■ Assignment ■
Only lines containing "life" are wanted from the data below. Copy those lines.

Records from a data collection
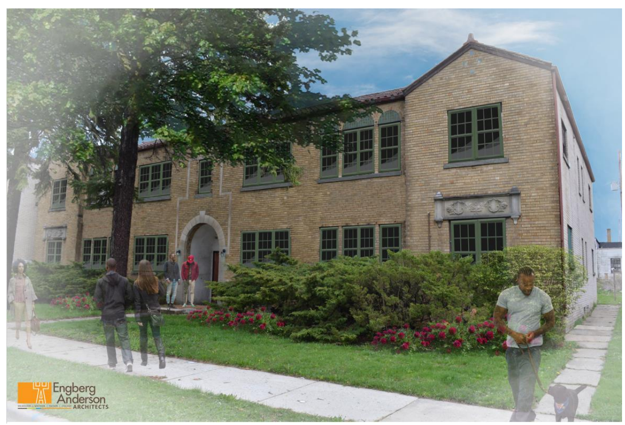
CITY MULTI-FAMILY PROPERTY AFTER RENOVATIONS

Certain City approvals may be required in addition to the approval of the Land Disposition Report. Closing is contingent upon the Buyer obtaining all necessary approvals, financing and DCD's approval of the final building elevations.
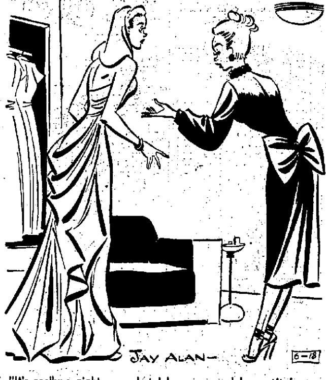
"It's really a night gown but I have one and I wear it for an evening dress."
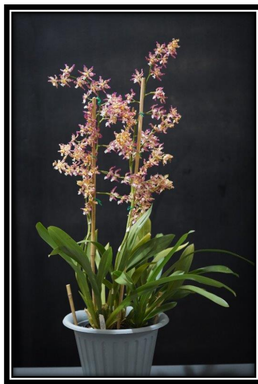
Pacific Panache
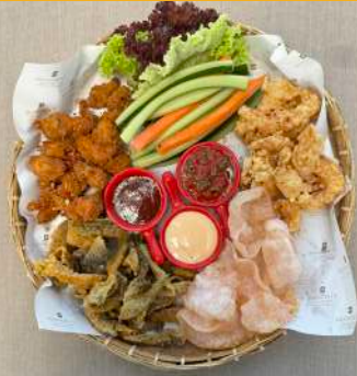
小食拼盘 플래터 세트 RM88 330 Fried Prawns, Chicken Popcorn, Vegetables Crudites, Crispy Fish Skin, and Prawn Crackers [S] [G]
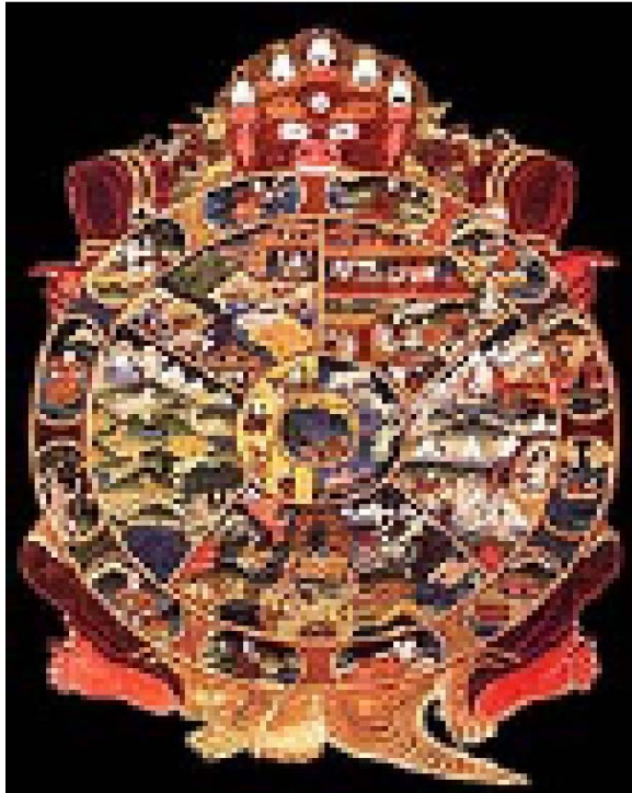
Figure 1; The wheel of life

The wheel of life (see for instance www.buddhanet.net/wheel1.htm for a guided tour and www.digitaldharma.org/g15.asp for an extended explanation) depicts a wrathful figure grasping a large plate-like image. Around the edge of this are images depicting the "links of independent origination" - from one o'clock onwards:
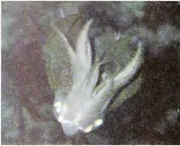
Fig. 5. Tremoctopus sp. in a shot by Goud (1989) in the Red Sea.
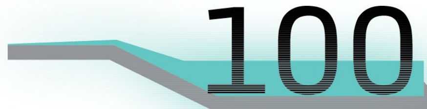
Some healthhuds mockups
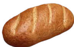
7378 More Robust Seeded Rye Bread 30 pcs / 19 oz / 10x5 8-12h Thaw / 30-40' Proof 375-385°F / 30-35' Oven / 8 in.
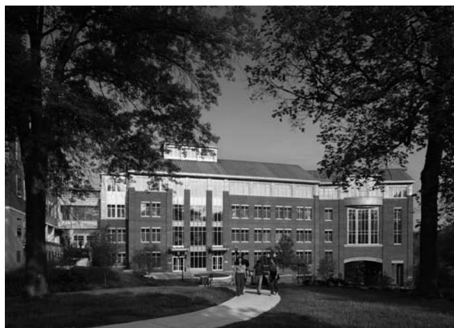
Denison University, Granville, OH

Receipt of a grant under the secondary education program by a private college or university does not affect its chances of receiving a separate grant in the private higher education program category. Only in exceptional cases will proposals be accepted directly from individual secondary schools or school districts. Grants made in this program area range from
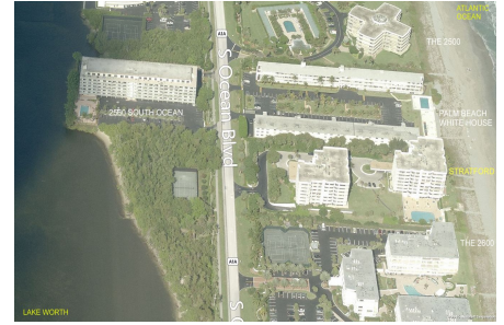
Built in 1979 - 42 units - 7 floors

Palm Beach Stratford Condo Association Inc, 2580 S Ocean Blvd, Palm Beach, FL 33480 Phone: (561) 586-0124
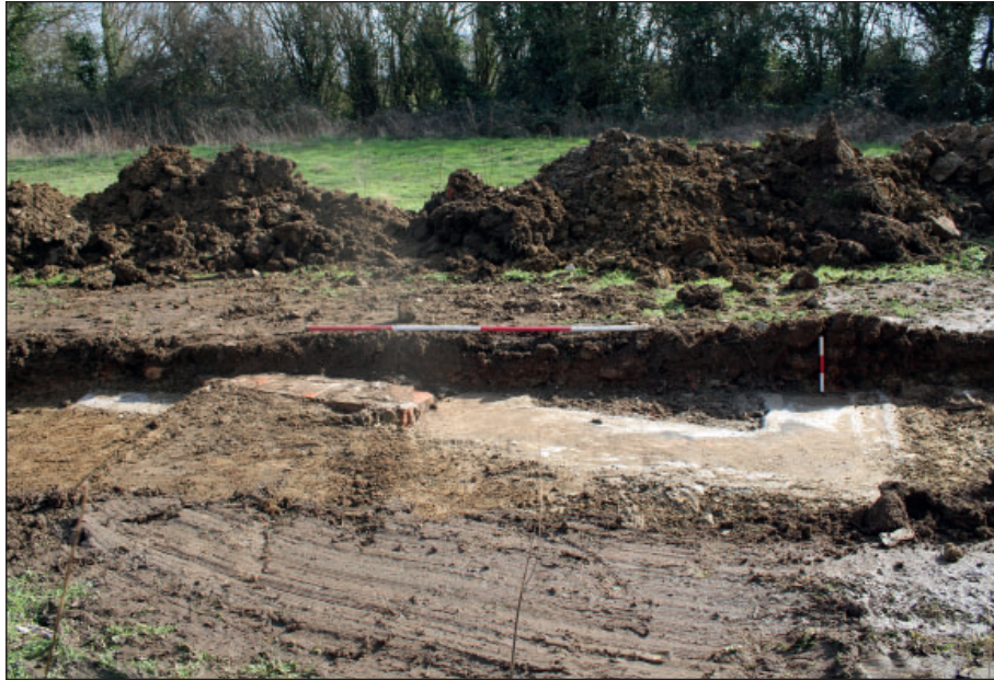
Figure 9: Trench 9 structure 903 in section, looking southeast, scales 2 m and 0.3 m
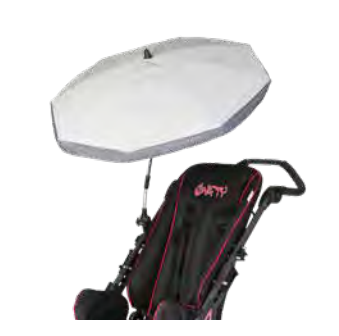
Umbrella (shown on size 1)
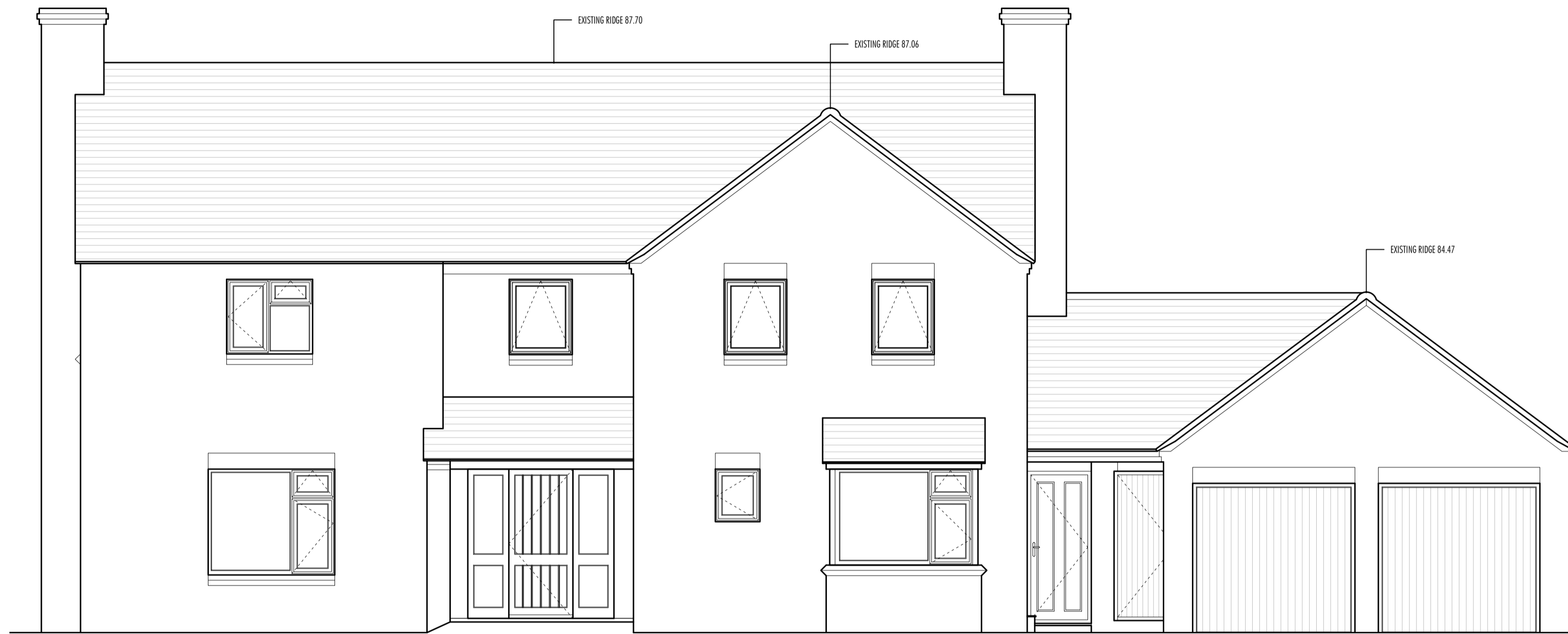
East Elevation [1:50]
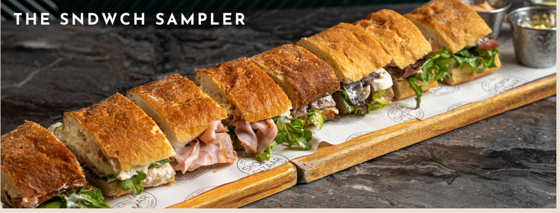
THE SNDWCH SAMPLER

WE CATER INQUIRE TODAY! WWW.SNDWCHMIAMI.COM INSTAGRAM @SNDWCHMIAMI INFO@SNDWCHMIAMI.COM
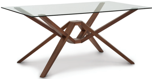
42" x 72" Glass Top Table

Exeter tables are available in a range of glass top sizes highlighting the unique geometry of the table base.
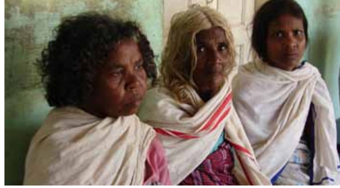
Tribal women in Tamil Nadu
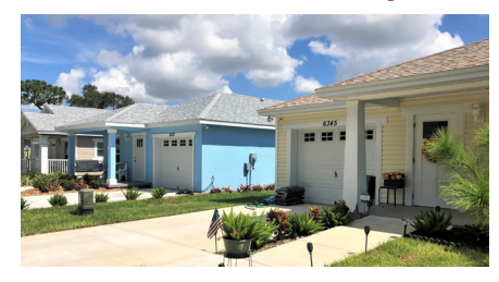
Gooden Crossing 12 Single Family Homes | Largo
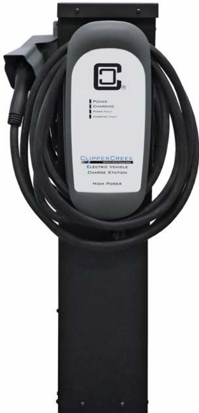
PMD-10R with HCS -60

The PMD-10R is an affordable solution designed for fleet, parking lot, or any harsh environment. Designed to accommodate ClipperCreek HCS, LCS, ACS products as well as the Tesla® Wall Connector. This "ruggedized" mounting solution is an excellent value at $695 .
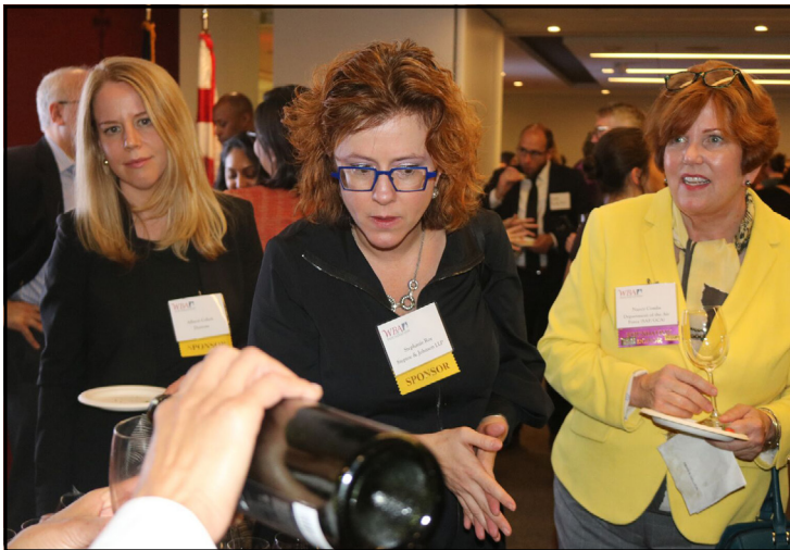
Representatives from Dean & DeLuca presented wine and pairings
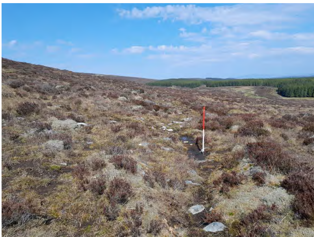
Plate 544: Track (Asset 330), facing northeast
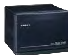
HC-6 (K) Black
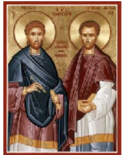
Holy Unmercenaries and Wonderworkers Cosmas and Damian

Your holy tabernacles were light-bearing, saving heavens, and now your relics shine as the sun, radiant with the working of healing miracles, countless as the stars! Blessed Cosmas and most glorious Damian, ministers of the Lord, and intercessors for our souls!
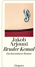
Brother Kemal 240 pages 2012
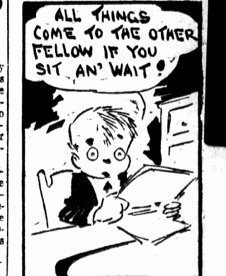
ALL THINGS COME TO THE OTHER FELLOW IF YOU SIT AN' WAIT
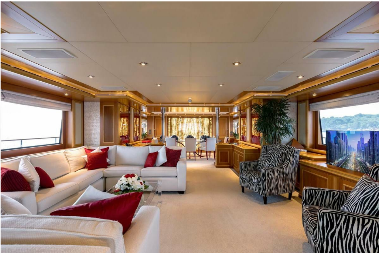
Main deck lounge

■ Response to the task ■
Figure 1; The wheel of life
The wheel of life (see for instance www.buddhanet.net/wheel1.htm for a guided tour and www.digitaldharma.org/g15.asp for an extended explanation) depicts a wrathful figure grasping a large plate-like image. Around the edge of this are images depicting the "links of independent origination" - from one o'clock onwards:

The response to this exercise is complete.